Sur la demande en paiement d’une indemnité d’occupation
Mme [P] [U] est désormais occupante sans droit ni titre. Cette occupation illicite cause manifestement et nécessairement un préjudice au bailleur qui doit être réparé par l’allocation d’une indemnité d’occupation qui sera fixée par référence au montant du loyer et des charges qui auraient été dus en cas de non-résiliation du bail dans la limite de la demande formée par Mme [I] [B], soit la somme mensuelle de 420 euros.
Sur les autres demandes
Mme [P] [U], qui succombe à l’instance, devra supporter la charge des dépens et celle des frais énoncés à l’article 700 du code de procédure civile qu’il apparaît conforme à l’équité de fixer à la somme de 350 euros.

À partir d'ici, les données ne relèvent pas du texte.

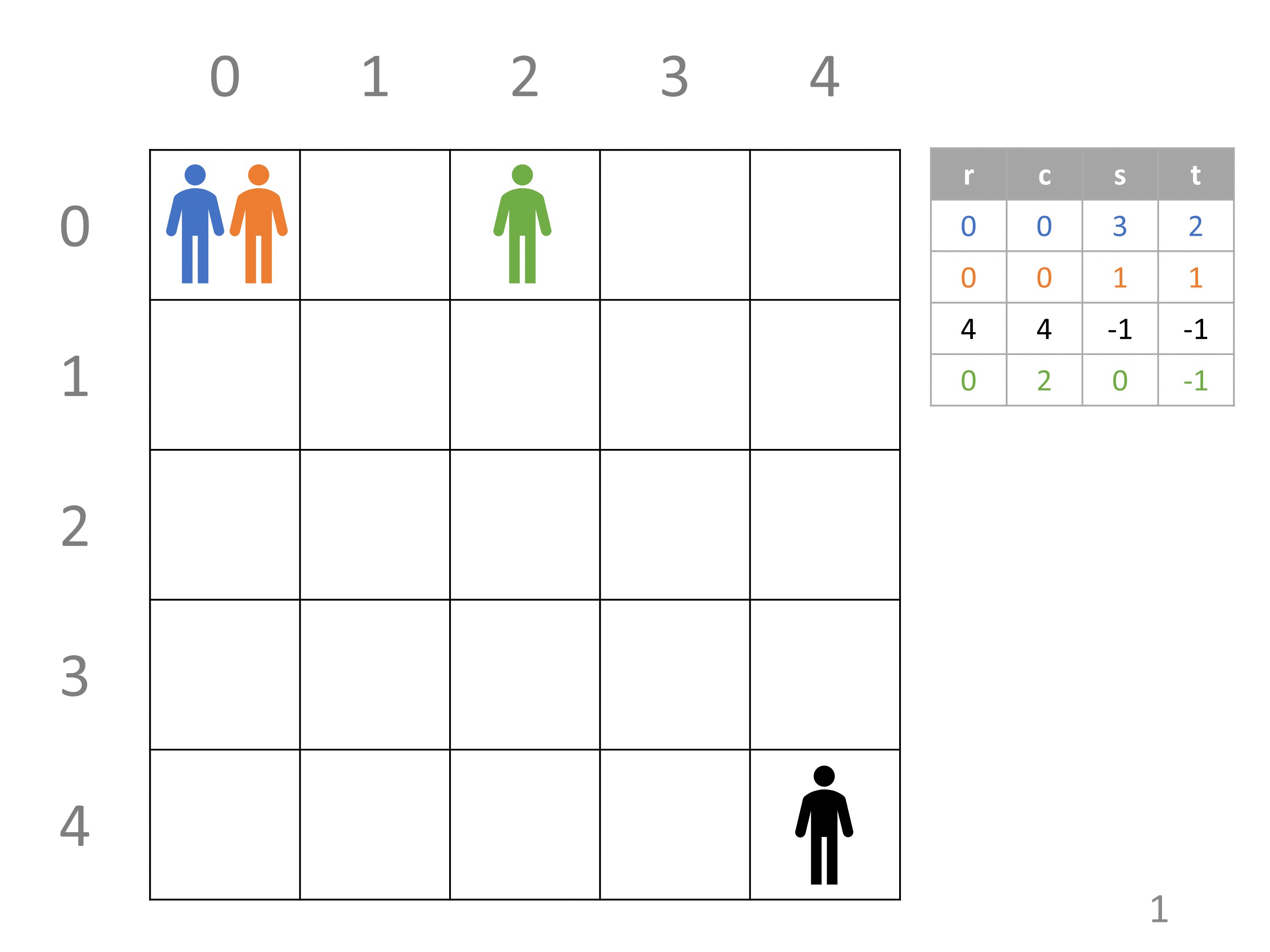 接下來有 $k$ 行,第 $i$ 行有四個整數 $r_i, c_i, s_i, t_i (0 \leq r < n, 0 \leq c < m)$

Par ailleurs, la présente décision est de droit exécutoire à titre provisoire en application de l’article 514 du code de procédure civile.
PAR CES MOTIFS,
Le juge des contentieux de la protection,
Statuant publiquement par jugement réputé contradictoire en premier ressort, rendu par mise à disposition au greffe,
CONSTATE la résiliation du bail conclu le 19 octobre 2023 entre Mme [I] [B] et Mme [P] [U] à compter du 23 juillet 2024,
ORDONNE, faute de départ volontaire incluant la restitution des clefs, l’expulsion de Mme [P] [U] ainsi que tout occupant de son chef, du local sis 19 rue Saint Antoine à Issoire (63500), si besoin est avec l’assistance de la force publique et d’un serrurier, dans les formes et délais prévus par les articles L.431-1 et suivants et R.411-1 et suivants du code des procédures civiles d’exécution, et conformément à l’article L.433-1 du même code, à procéder à l’enlèvement de tous les biens mobiliers garnissant les lieux loués et à les faire entreposer dans tel local de son choix aux frais et périls des parties expulsées,
CONDAMNE Mme [P] [U] à payer à Mme [I] [B] la somme de 2.953,02 euros au titre de l’arriéré locatif arrêté au 28 novembre 2024, comprenant les loyers, charges et indemnités d’occupation jusqu’à l’échéance du mois de décembre 2024 incluse, outre intérêts au taux légal à compter du 23 mai 2024 sur la somme de 1.400 euros, et à compter du présent jugement pour le surplus,
FIXE l’indemnité d’occupation sans droit ni titre due par Mme [P] [U] à la somme mensuelle de 420 euros, à compter de la résiliation du bail et au besoin la CONDAMNE à verser à Mme [I] [B] ladite indemnité mensuelle à compter du mois de janvier 2025 et jusqu’à complète libération des lieux,
CONDAMNE Mme [P] [U] à payer à Mme [I] [B] la somme de 350 euros sur le fondement de l’article 700 du code de procédure civile ainsi qu’aux dépens comprenant le coût de l’assignation, du commandement de payer du 23 mai 2024 et celui de la notification de l’assignation au représentant de l’Etat dans le département ainsi qu’à la CCAPEX,
RAPPELLE que la présente décision est de droit exécutoire à titre provisoire,
DÉBOUTE Mme [I] [B] du surplus de ses demandes.
Ainsi fait, jugé et mis à disposition au greffe de la juridiction aux jour, mois et année susdits. En foi de quoi le jugement a été signé par le juge des contentieux de la protection et le greffier.